I got out of the car, grabbing my messenger bag out of the passenger seat. I stifled a yawn as I trudged up the steps, but then something tingled up my spine, causing me to pause and look around. There was no one there.
I shrugged it off and walked into the house, down the small foyer that opened straight into the living room, and my body froze when I saw who sat with my dad.
For fuck’s sake, had the alpha actually come to report me to my father? How nosy could he be? He wasn’t one of those alphas that thought omegas were incapable of doing anything, was he? Everyone knew about Nash, his brother’s mate that was building the new development in town. Not to mention his own father.
When I met my dad’s gaze and raised a brow trying to ask him what was going on, a guilty look flashed on his face, and my stomach dropped. He wouldn’t.
Dad looked away, refusing to meet my eyes, and I felt like I would be sick.
“How could you?” I whispered, not even bothering to look in Hunter’s direction. “Why would you tell him? I can’t believe you would do something like that, dad.” I hated the crack in my voice.

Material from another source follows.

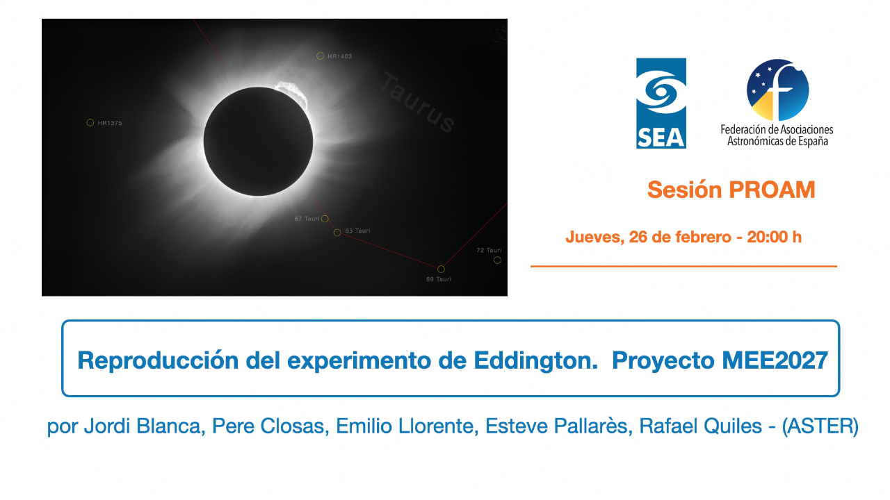 'Medición de la deflexión de la luz, en un eclipse total de sol' - proyecto renombrado MEE2027 : Modern Eddington Experiment 2027. Proyecto participativo abierto con el que se pretende reproducir la experiencia de las mediciones de la deflexión de la luz realizadas por Eddington durante el eclipse de 1919, en este caso aprovechando los dos eclipses que tendremos en España en 2026 y 2027.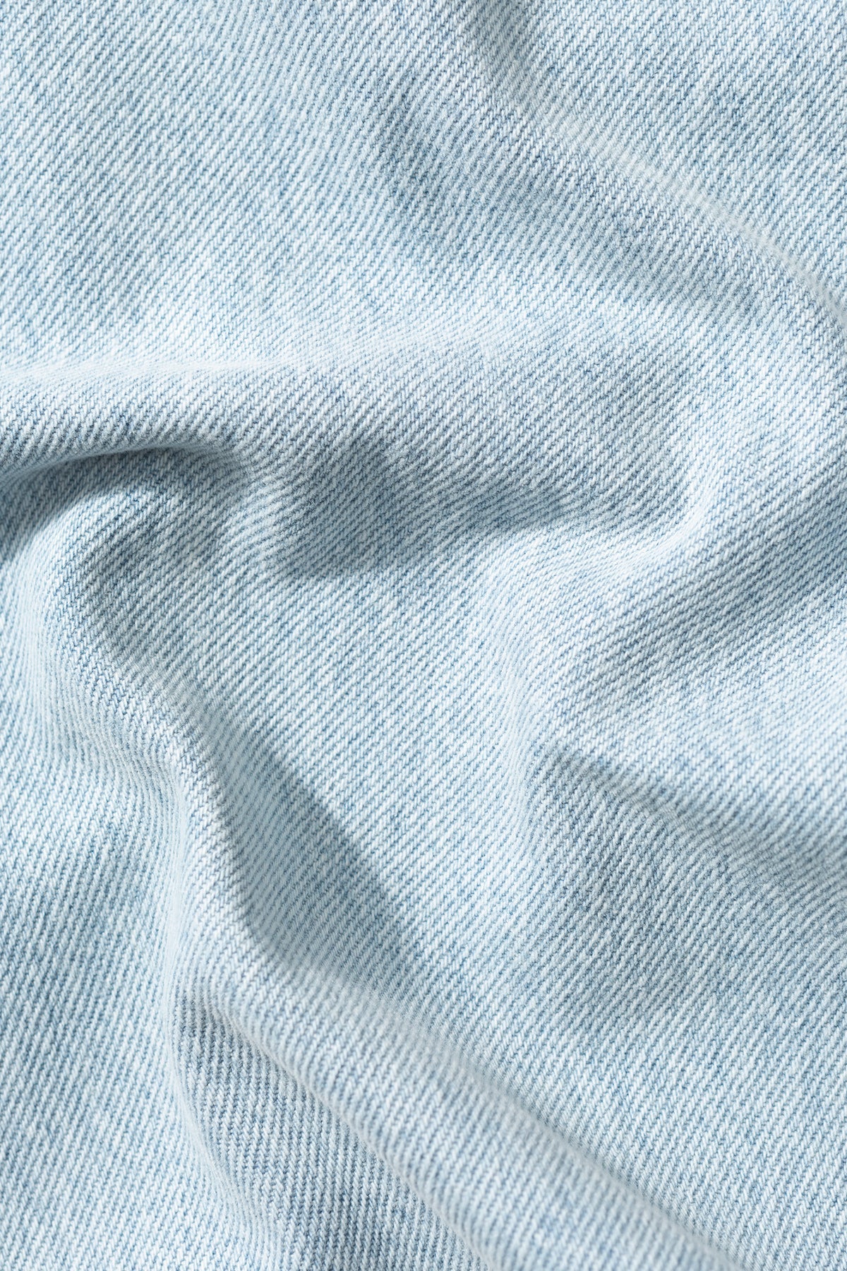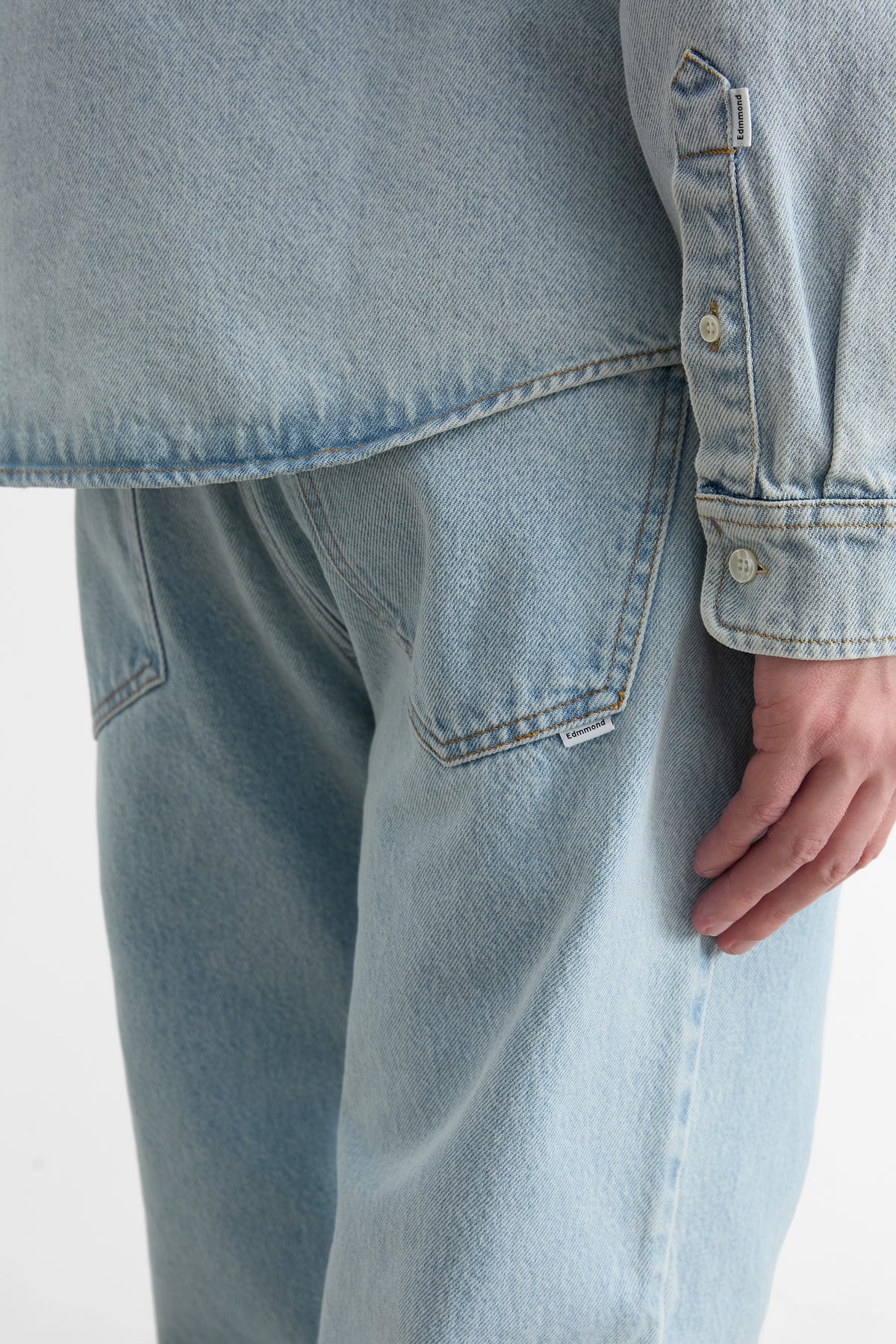 AVAIL est un jean clair coupe droite de chez Edmmond Studio  avec surpiqûres camel. Deux poches devant et deux à l'arrière.

It pissed me off, but my stupid voice sounded like I was about to cry.
Hunter stood up, but I didn’t even look his way. “It’s not his fault,” he said, “I kind of dragged the information out of him. Please don’t blame him.”
I didn’t acknowledge his words. “You shouldn’t be here. What are you even doing here?” I snapped at him. Even though the stupid butterflies in my belly didn’t agree. “I told you everything was fine. Why can’t you mind your own business.”
“I just came to—” Hunter spoke, but I put my hand up. “I don’t care why you’re here. I told you I was fine yesterday. You had to come to report me to father like I’m some child. Wasn’t it bad enough you talked down to me?”
“I just wanted to talk to you,” Hunter started again.
“Well, I don’t want to speak to you, and I haven’t committed any crimes since the last time I checked, Sherriff which means I don’t have to talk to you. I don’t know what head games you’re trying to play, but they won’t work. Don’t think I haven’t noticed you showing up at the diner all the time, ordering pies and things you can get at your brother’s cafe. Whatever trick or joke or,” I growled, “whatever this is. It won’t work. I’m not interested, so just leave me alone already.”
With that off my chest, I walked as fast as my legs would carry without actually running out of the room. I slammed my bedroom door for good measure. Even though it was a little childish, I didn’t care.
Why wouldn’t the stupid alpha let me be? It felt like every time I turned around, there he was all alpha-y… and muscled and hot… for fuck’s sake, Sage!
I paced back and forth across my room. He wasn’t hot. His face was stupid. Very mature. I was glad I hadn’t once looked him in the eye because now that he knew, I bet the only thing I would see there was pity. I didn’t want his stupid pity. He could shove it where the sun didn’t shine for all I cared.
I was livid. This was my life. My business. And it had absolutely fuck all to do with him.
It felt like the walls of my bedroom were closing in on me. Why couldn’t he have left well enough alone? Why did it have to be him that was there yesterday? Why couldn’t he have just stayed as eye candy that was just out of reach?
“I don’t want him,” I muttered fiercely.
Liar!
I growled and stormed out of the room, going back downstairs; I needed air, and the house felt like it was trying to suffocate me.
I tried to go out the back, but Dad called my name. I sighed and followed his voice to the kitchen. My stomach clenched when I saw Dad was alone, and I called myself twenty kinds of an idiot for being disappointed that he’d left.
“Son, can we talk about this?” my dad asked as soon as I walked in.
“I’d rather not,” I said, folding my arms against my chest. “I think you’ve talked enough for today.” I hated being rude to my Dad, but I couldn’t believe he would betray my trust like that. He knew how I felt about people knowing. What would happen when they found out? And what I’d been through.
I swallowed and shoved the door on those memories shut as hard as possible.
“I don’t understand,” I swallowed down the tightness in my throat. “Why did you have to tell him? I can’t believe you did that.” I trusted my parents with my life. They were always there for me. Never ever made me feel like I was less than, so why would Dad break my trust like this.
“Son, If you would just let me explain—”
I sighed, “I love you, dad, but I just need some time to think.”
I didn’t wait for a response; I turned and left out the double doors that led to the patio and down the steps. I kept walking until I got to the brook that ran along the far property line. It was peaceful, and the sound of the water rolling over the stones down the stream soothed my soul.
I sat on the rock facing the mountains and took several deep breaths trying to center myself. Something inside called to me to glance back toward the house. In the distance, I could see his car, parked there like he’d stopped and was waiting for something.
Not for you. Probably got a phone call or something.
I pressed my fist against my eyes and sighed. Of all the alphas in Asheville, I had to notice him. Every time he was close, my bear purred or yipped. And I wanted to jump in his arms or something equally stupid. Why did he make me wish for things I’d come to terms with never having? I knew better than to notice someone like him. If anyone was the definition of out of my league, it was Hunter.